[[ Input material, beginning ]]
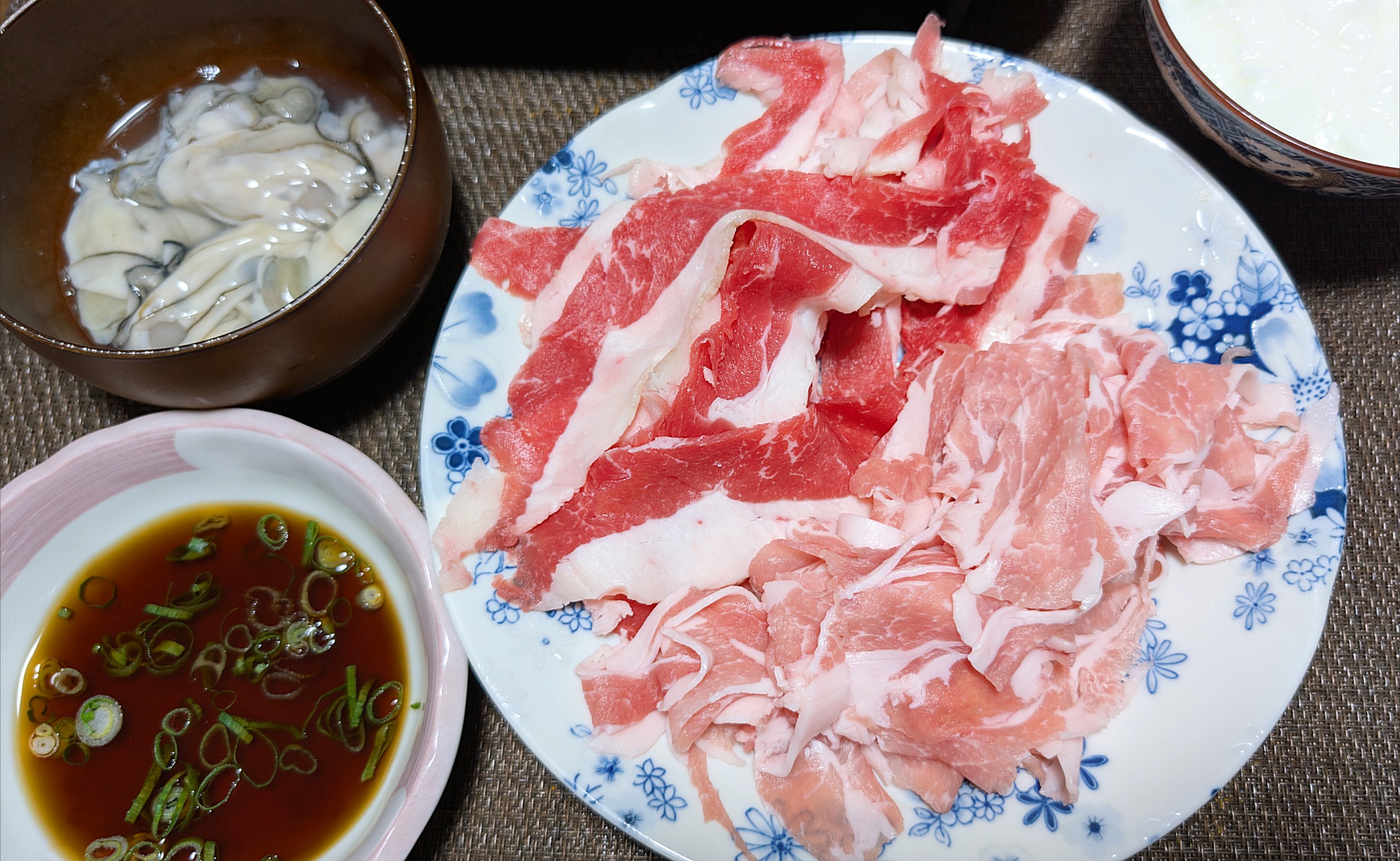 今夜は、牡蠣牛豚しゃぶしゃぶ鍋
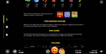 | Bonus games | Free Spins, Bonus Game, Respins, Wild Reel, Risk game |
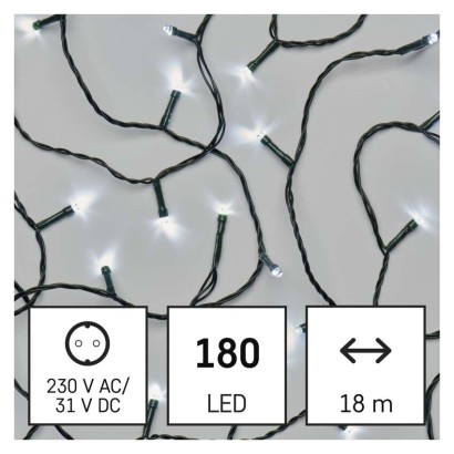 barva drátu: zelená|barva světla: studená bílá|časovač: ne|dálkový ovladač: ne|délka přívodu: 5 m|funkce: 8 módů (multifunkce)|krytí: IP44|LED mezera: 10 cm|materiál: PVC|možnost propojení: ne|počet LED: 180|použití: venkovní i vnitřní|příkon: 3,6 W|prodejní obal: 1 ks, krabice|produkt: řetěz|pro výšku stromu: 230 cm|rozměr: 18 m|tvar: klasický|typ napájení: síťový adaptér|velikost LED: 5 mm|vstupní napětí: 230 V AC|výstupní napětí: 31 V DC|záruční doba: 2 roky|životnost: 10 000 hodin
[[ Input material, end ]]
[[ Input material, beginning ]]
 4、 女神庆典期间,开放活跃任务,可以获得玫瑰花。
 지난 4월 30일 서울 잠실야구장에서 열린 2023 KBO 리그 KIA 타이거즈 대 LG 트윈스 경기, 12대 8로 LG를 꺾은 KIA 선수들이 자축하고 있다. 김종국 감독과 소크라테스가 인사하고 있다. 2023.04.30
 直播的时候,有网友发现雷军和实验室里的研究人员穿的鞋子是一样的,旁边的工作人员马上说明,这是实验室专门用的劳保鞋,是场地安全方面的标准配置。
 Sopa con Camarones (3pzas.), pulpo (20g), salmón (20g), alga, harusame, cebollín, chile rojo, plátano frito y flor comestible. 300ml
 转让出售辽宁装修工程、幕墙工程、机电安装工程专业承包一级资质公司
[[ Input material, end ]]
## The problem
Write back word for word every line in the entries above from the one with "今夜は、牡蠣牛豚しゃぶしゃぶ鍋" to the one with "barva drátu: zelená|barva", ends included, and none of the pictures.

## Completed task
 今夜は、牡蠣牛豚しゃぶしゃぶ鍋
 | Bonus games | Free Spins, Bonus Game, Respins, Wild Reel, Risk game |
 barva drátu: zelená|barva světla: studená bílá|časovač: ne|dálkový ovladač: ne|délka přívodu: 5 m|funkce: 8 módů (multifunkce)|krytí: IP44|LED mezera: 10 cm|materiál: PVC|možnost propojení: ne|počet LED: 180|použití: venkovní i vnitřní|příkon: 3,6 W|prodejní obal: 1 ks, krabice|produkt: řetěz|pro výšku stromu: 230 cm|rozměr: 18 m|tvar: klasický|typ napájení: síťový adaptér|velikost LED: 5 mm|vstupní napětí: 230 V AC|výstupní napětí: 31 V DC|záruční doba: 2 roky|životnost: 10 000 hodin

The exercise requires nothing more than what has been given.